I just toss in 4-5 pest snails each week. They must feel it's a "plentiful and safe" place to breed..... lol.

Got a better pic of one of the babies today. This one has nice striping already! You can see one of the big pest snail shells it's parents already killed near it, lol.



Nah, they won't be pests! When/if they reach adult size (meaning if the parents don't assassinate them first) I will be selling or trading them into my local LFS. There's always something I need for the fish: carbon, nitrazorb, water conditioner.... credit will be nice.


----------



## joevw007 (Jul 6, 2011)

dibs on some =)


----------



## jbrown5217 (Nov 9, 2011)

that is awesome I love my snail and the fact that you get to see the whole mating process is awesome.


----------



## Kehy (Apr 19, 2011)

cuute!


----------



## holly12 (Apr 21, 2011)

Joe, if I'm allowed to ship over the boarder, then you can have some! XD (Not sure if I need a special license to send to the U.S....)


----------



## Bob-O (Jan 28, 2012)

I put four assassins in my tank a couple months ago. I started seeing eggs the first week, but finally spotted my first baby this morning. Great way to start the day. =)

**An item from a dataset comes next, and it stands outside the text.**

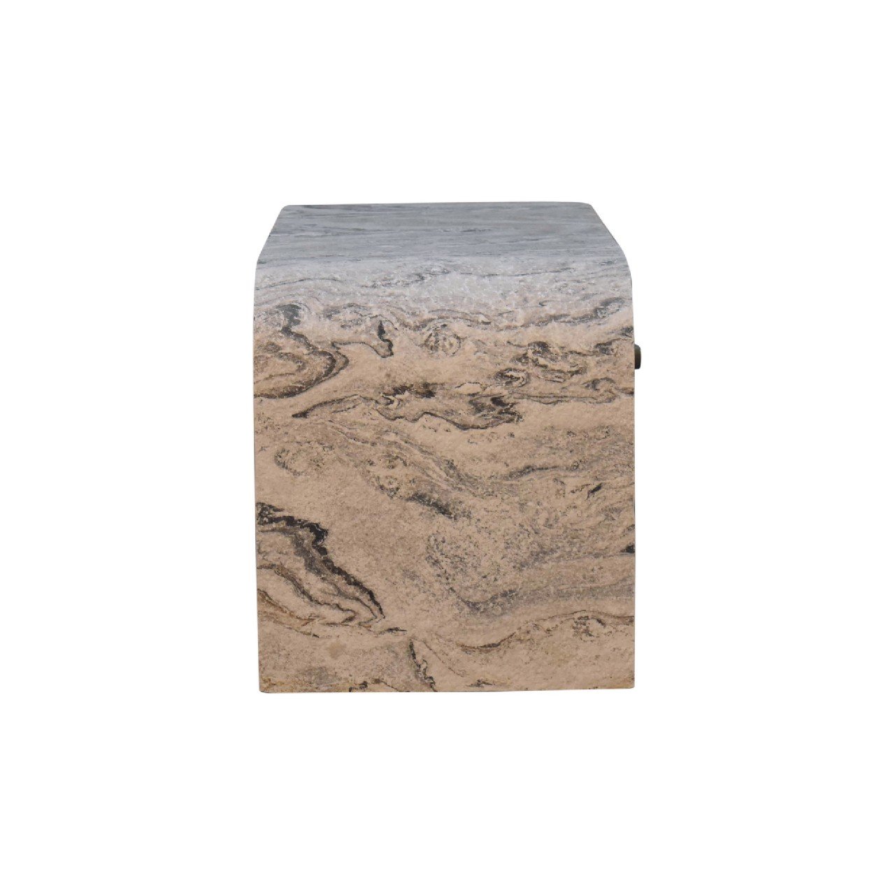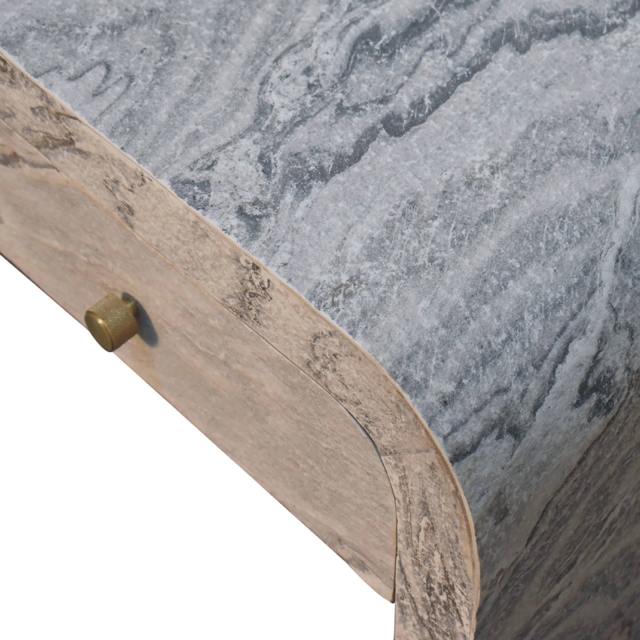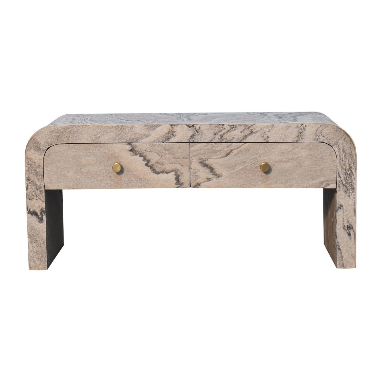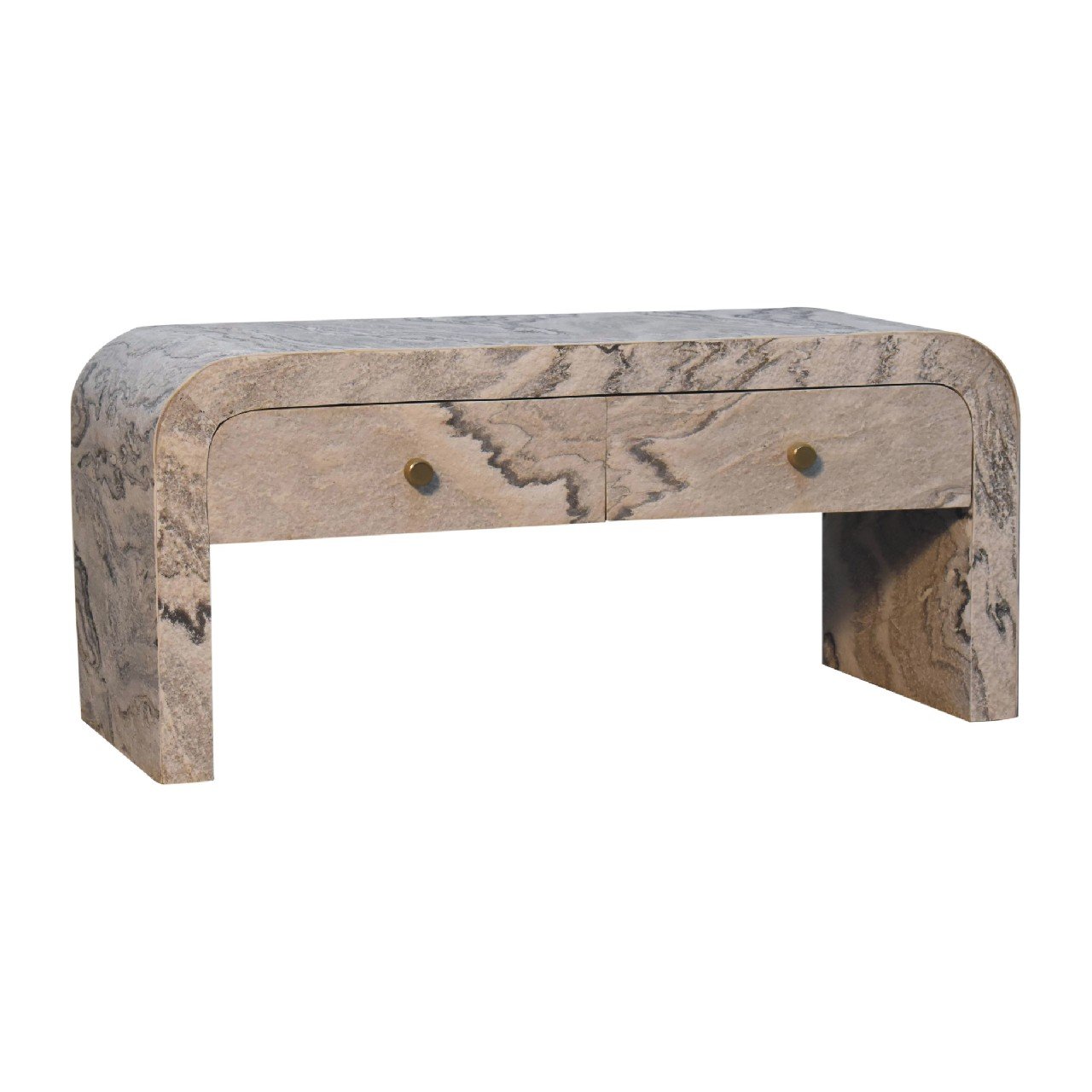 Introducing the “Nouveau” Media Unit, a symbol of refined luxury. Crafted from Solid Mango wood with an oak-ish finish inside the drawers, the body features a laminated marble effect stone veneer. Adorned with a shiny brass round knob, and 2 drawers, this media unit exudes opulence and sophistication, making it a timeless addition to any upscale living room.

If you're looking to breed them, I suggest a planted tank around 75F with plenty of snails to eat. I got them to take care of pond snails that came in on plants, now I collect trumpet snails from my friends tank so they have plenty of food (and the trumpets keep the sand moving). They will dig after snails in the substrate as someone mentioned before, and I've counted about 30 eggs on plants, rocks, wood, whatever.

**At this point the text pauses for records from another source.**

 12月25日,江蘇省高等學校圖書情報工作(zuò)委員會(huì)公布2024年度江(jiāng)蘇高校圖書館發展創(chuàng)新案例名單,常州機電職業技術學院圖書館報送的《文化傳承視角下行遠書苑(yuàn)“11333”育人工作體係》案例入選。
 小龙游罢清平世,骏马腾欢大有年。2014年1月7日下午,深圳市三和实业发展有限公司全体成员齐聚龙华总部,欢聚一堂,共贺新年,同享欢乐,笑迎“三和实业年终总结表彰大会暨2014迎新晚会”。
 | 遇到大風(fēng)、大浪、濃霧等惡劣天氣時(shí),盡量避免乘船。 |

My assassins are still in my 55 gallon while the 90 gallon cycles for a while after a heater exploded, but the pond and trumpet population is blowing up in the 90 gallon... and I've never been happier to be invested with snails. =) Can't wait to unleash the assassins!


----------



## danjsinclair (Nov 16, 2011)

Well done!!!
Keep us posted (and get a better camera! Ha ha ha)
Dan


----------



## holly12 (Apr 21, 2011)

Lol, I'd LOVE a better camera! But, that will have to wait until we have money... *sigh

The population boom has slowed down now that my pest snails in the other tank are dwindling down. There are still some eggs to be hatched, and I still see some mating, but there are definitely not as many eggs as when they first started breeding. A few babies went to a friend in town, and a bunch still have to be sent to Susankat when the weather is warm (and will stay warm, lol.)


----------



## fishboy (Jul 15, 2012)

congrats!


----------